If you have ever suspected that there is something deeply wrong with the world, that there is an insanity that has seeped into everything, including perhaps your own heart, then the Course might be for you. For it is in the midst of this bad news that it delivers its good news.

It promises, "There is a way of living in the world that is not here, although it seems to be." In this way, the distressing appearances of life no longer govern our state of mind, nor dictate our response to others. We can find "quiet even in the midst of the turmoil" of the world. We can respond with open-handed generosity, even when others try to hurt us. We can let go of the past even when its residue lies all around us. We can walk through our day with "no cares and no concerns…no fear of future and no past regrets" even if we have failed to manifest the life of our dreams.

How do we reach this unshakable peace? We get down to business and set about retraining our minds. We practice seeing things differently. In this process, the Course provides abundant help. It contains hundreds of exercises aimed at shifting us into a new perception—exercises in forgiveness, entering the present, seeing ourselves differently, and experiencing God.

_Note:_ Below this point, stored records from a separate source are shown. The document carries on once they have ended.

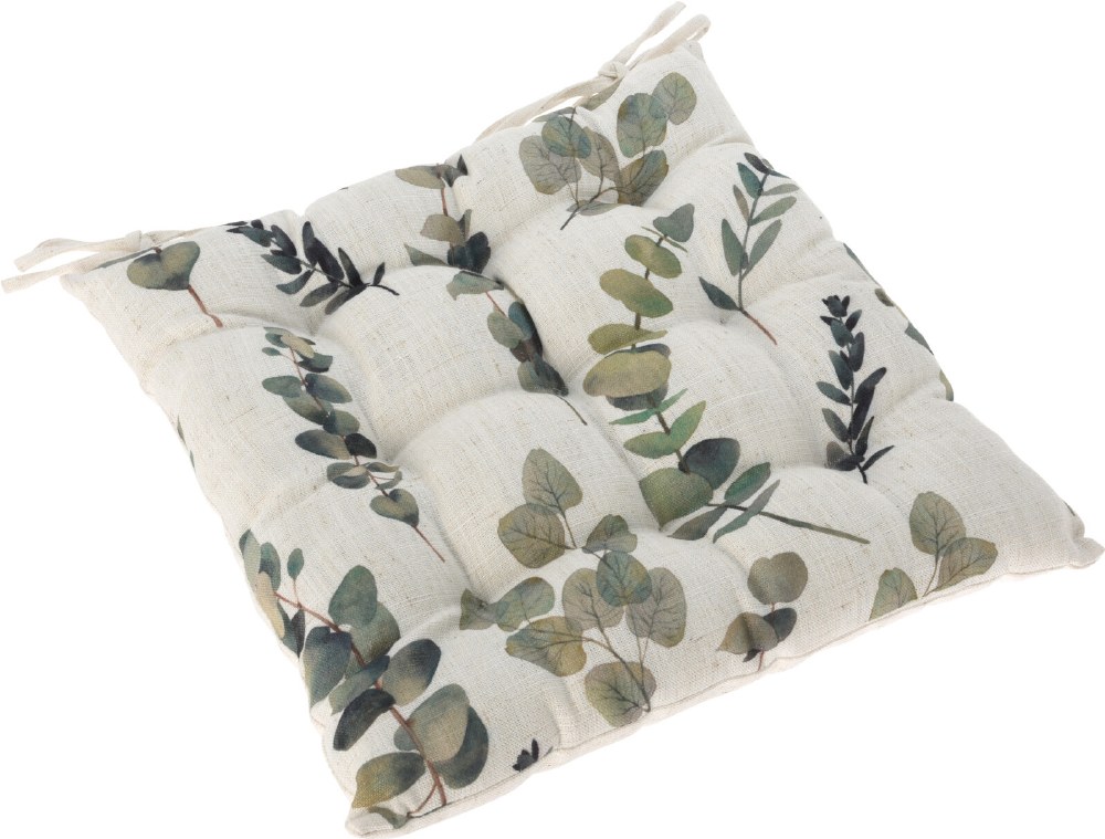 Cotton seatpad with a Eucalyptus leaf pattern.
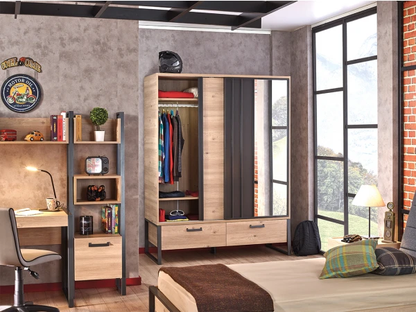 De Irony collectie is de perfect oplossing voor een nieuwe jeugdkamer. De combinatie van hout en metaal zorgen voor een stoere uitstraling.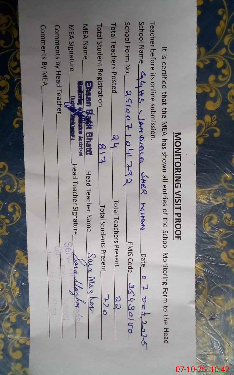 | Certified that this School was Inspected by the Undersigned MEA/DMO Today and the Information Stated Above is as Per Record. | |||||

Yes, the process takes effort (how did effort become so unpopular?). And yes, it promises to turn our inner world upside down. Yet perhaps we have grown tired of our inner world, maybe even a bit sick of it. Perhaps we have noticed that as mercurial as it is, it is remarkably resistant to real change. Perhaps, then, we are ready to try something new, or to take something off the shelf that we only thought was familiar. Perhaps A Course in Miracles is the thing we have been looking for.